Generally, companies switch from managed to self-hosted runners for reasons related to 1) security and 2) cost. Additionally, there’s the issue of availability. For instance, relying solely on CircleCI would mean that a CircleCI outage could paralyze the entire CI pipeline. And in fact, CircleCI does tend to experience more issues than one might expect.

At first, there weren’t many CI pipelines using GHA, so it wasn’t a major concern. But by September, as most projects had migrated to GHA, we had to start paying attention to the availability of the GHA runners themselves. Two unexpected issues cropped up: 1) Github Token Expiry and 2) Docker Hub Rate Limits.

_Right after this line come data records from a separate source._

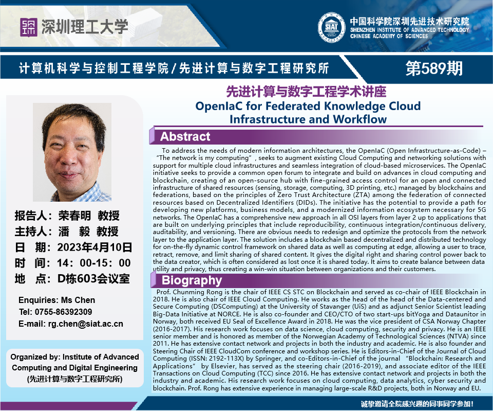 大家好!计算机学院/先进计算与数字工程研究所学术讲座第589期将于4月10日14:00-15:00在D栋603会议室举行,本次讲座将邀请University of Stavanger (UiS) 荣春明 教授作题为“OpenIaC for Federated Knowledge Cloud Infrastructure and Workflow”的报告。本次报告将由计算机学院 潘毅 教授主持,诚挚邀请大家参加、学习和交流!
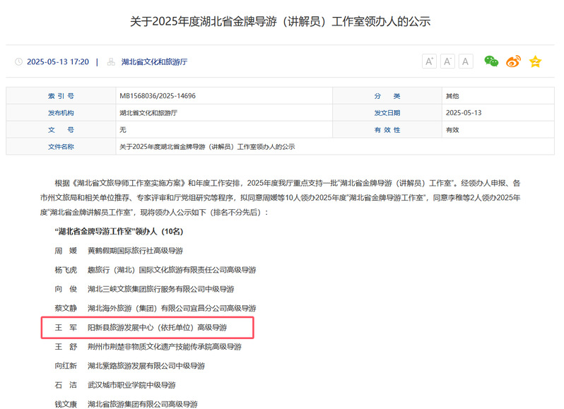 “湖北省金牌导游(讲解员)工作室”是湖北省文化和旅游厅批准建立的人才支持项目,作为“湖北省文旅导师工作室”的核心单元,旨在广泛聚集优秀文旅人才及行业带头人,发挥其引领、宣传和带动示范作用。该工作室以讲好湖北故事、扩大荆楚文旅影响力为使命,是推动湖北文旅产业升级、构建“以文塑旅、以旅彰文”发展格局的重要实践载体。 杏吧 王军老师领办的“湖北省金牌导游工作室”,也将在这一框架下为湖北文旅发展发挥积极作用。
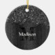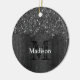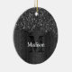 Black white faux sparkles rustic wood Monogram Ceramic Ornament

Both issues might seem simple but are critical enough to halt the entire CI pipeline. It was a bit frustrating to realize that I had missed these details, and it reminded me once again of the responsibility and pressure that comes with potentially inconveniencing developers within the company.

rate-limit
report about CI incidents by docker hub rate limit

The Docker Hub rate limit issue has now been resolved, but there’s a lot I could say about it. I’ll cover it in detail in another post (one of many in my backlog of posts to write). Here’s a sneak peek of what that post will cover:

  • Docker pull-through cache (with ECR and Harbor)
  • Mirror registry
  • Using Istio to reroute Docker Hub → ECR traffic…

7) Rebuilding Zsh #

While using oh-my-zsh, a strange competition started among my team. It was a shell startup time competition.

# Start timer
zmodload zsh/datetime
zsh_start_time=$EPOCHREALTIME

# End timer and calculate duration
zsh_end_time=$EPOCHREALTIME
zsh_load_time=$(echo "($zsh_end_time - $zsh_start_time) * 1000" | bc)
echo "zsh startup time: ${zsh_load_time}ms"

By placing this code at the top and bottom of the .zshrc file, we could measure how fast the shell started. My Zsh startup time was usually around 400 ~ 500ms, which I didn’t find particularly bothersome. However, as someone who uses Neovim and numerous terminal windows, I got competitive and decided to optimize it.

Upon hearing from team member @Tanto that oh-my-zsh was super slow, I decided to switch everything over to a different plugin manager, Antidote, along with Powerlevel10k. I also replaced NVM (Node Version Manager), which was consuming most of a time, with a Rust-based alternative called mise. After completing all the setup, I managed to reduce the shell startup time to around 80ms.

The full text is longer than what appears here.